----- Given information

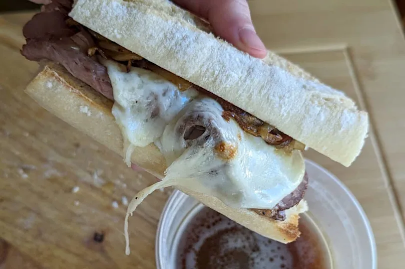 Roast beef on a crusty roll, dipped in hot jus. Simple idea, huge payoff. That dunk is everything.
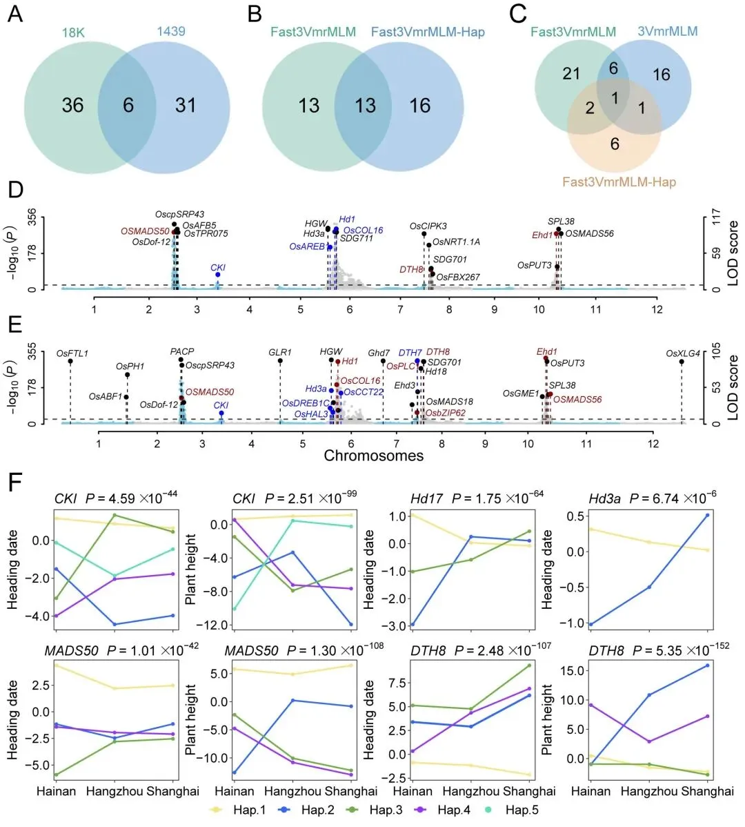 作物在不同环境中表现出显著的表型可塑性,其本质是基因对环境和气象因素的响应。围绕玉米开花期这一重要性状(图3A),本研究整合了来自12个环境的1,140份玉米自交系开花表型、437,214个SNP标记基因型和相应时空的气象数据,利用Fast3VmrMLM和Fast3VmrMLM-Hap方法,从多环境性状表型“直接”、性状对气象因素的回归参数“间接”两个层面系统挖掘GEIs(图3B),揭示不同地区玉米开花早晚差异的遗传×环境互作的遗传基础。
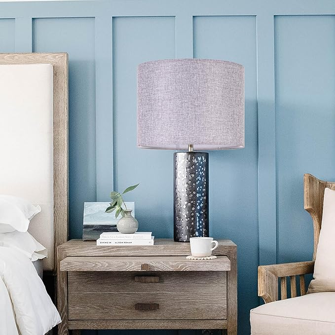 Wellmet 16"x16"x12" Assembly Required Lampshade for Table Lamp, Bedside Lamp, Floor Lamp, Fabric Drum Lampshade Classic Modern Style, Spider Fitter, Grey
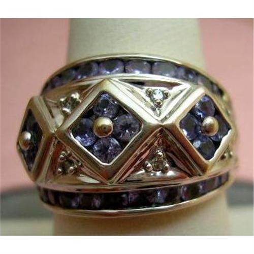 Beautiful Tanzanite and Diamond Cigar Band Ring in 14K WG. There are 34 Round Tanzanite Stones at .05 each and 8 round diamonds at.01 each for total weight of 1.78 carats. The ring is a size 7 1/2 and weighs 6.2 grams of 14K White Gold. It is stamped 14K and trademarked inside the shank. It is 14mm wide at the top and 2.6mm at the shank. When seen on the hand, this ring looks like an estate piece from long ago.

----------

= About this task =
Omit any images, then output the listing exactly.

= Solution below =
 Roast beef on a crusty roll, dipped in hot jus. Simple idea, huge payoff. That dunk is everything.
 作物在不同环境中表现出显著的表型可塑性,其本质是基因对环境和气象因素的响应。围绕玉米开花期这一重要性状(图3A),本研究整合了来自12个环境的1,140份玉米自交系开花表型、437,214个SNP标记基因型和相应时空的气象数据,利用Fast3VmrMLM和Fast3VmrMLM-Hap方法,从多环境性状表型“直接”、性状对气象因素的回归参数“间接”两个层面系统挖掘GEIs(图3B),揭示不同地区玉米开花早晚差异的遗传×环境互作的遗传基础。
 Wellmet 16"x16"x12" Assembly Required Lampshade for Table Lamp, Bedside Lamp, Floor Lamp, Fabric Drum Lampshade Classic Modern Style, Spider Fitter, Grey
 Beautiful Tanzanite and Diamond Cigar Band Ring in 14K WG. There are 34 Round Tanzanite Stones at .05 each and 8 round diamonds at.01 each for total weight of 1.78 carats. The ring is a size 7 1/2 and weighs 6.2 grams of 14K White Gold. It is stamped 14K and trademarked inside the shank. It is 14mm wide at the top and 2.6mm at the shank. When seen on the hand, this ring looks like an estate piece from long ago.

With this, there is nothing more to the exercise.